Hartford Healthcare explains: “Shaking chills (rigors) are the body's reaction to a severe infection or the release of organisms, such as viruses or bacteria, into the bloodstream. These chills often occur with a high fever and sometimes make teeth chatter or, when severe, can cause uncontrollable shaking that can make a bed vibrate.”

So what does this have to do with crossing my ankles?

Well, two things helped. One was the ministrations of a nurse practitioner who would come to my hospital room if I asked for her. She would do Reiki or a calming meditation. I don’t know if it was what she did that helped as much as it was simply her calm, radiant personality. In any case, even though it was all those years ago, I vividly remember lying on my back, with my ankles crossed, one day when I needed her. I was clenching everything, including my legs. She said to try to uncross my ankles. We hear a lot about the reasons why crossing your legs is bad for your circulation, so I assume the same might go for your ankles. I remember uncrossing them and starting to try to relax.

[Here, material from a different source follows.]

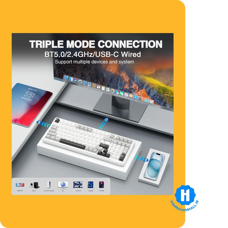 این کیبورد قابلیت اتصال همزمان به پنج دستگاه مختلف را دارد و با میانبرهای FN بهسرعت بین آنها جابهجا میشود. گزینهای فوقالعاده برای کاربران لپتاپ، PC، موبایل، تبلت و حتی کنسولهای گیم.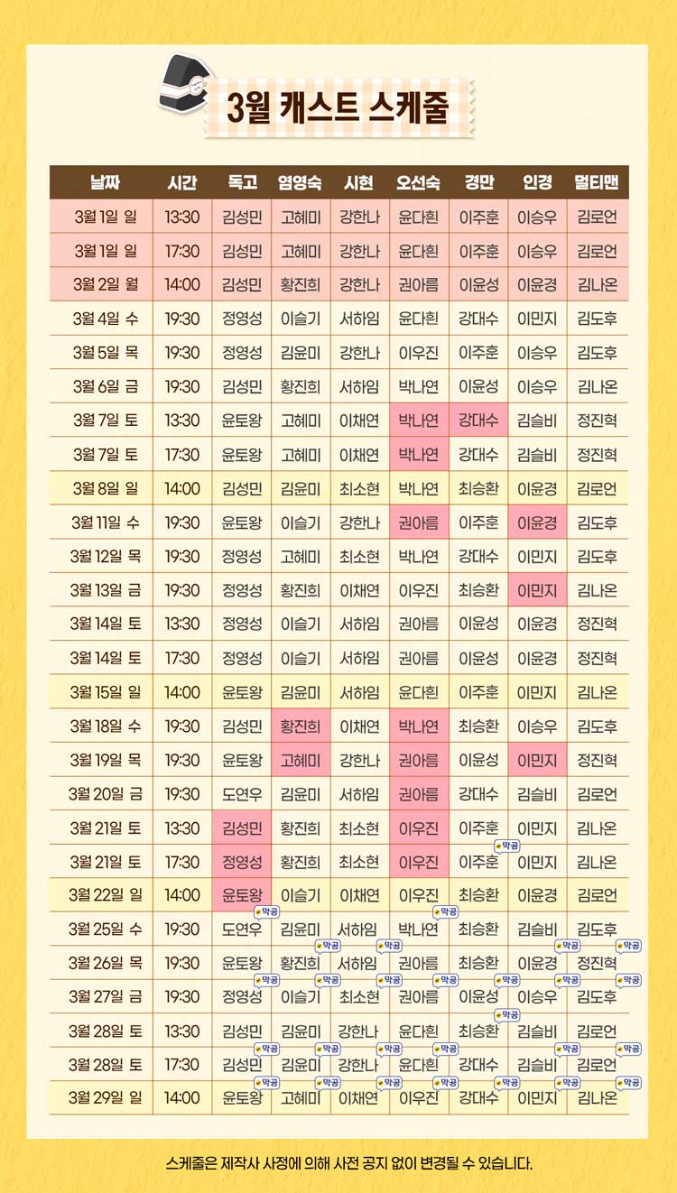 03/09(월) 기준 일부 캐스팅이 변경 되었습니다.

I don’t believe that the NP alone would have helped, though. What I needed, and got, was Demerol (meperidine). Anyone who has had it can see why this opioid can be addictive. Research has found it to have “a special antishivering efficacy” as compared to other opioids.

Once when I was in a support group meeting for blood cancer survivors, and we were discussing the problem of shivering and the medicine to stop it, we all had to agree that we really liked that Demerol. You could see how it could become addictive. It made a warm wave come over you, like the one my mother floated in. But mostly it stopped the shivering, and that was a relief in itself.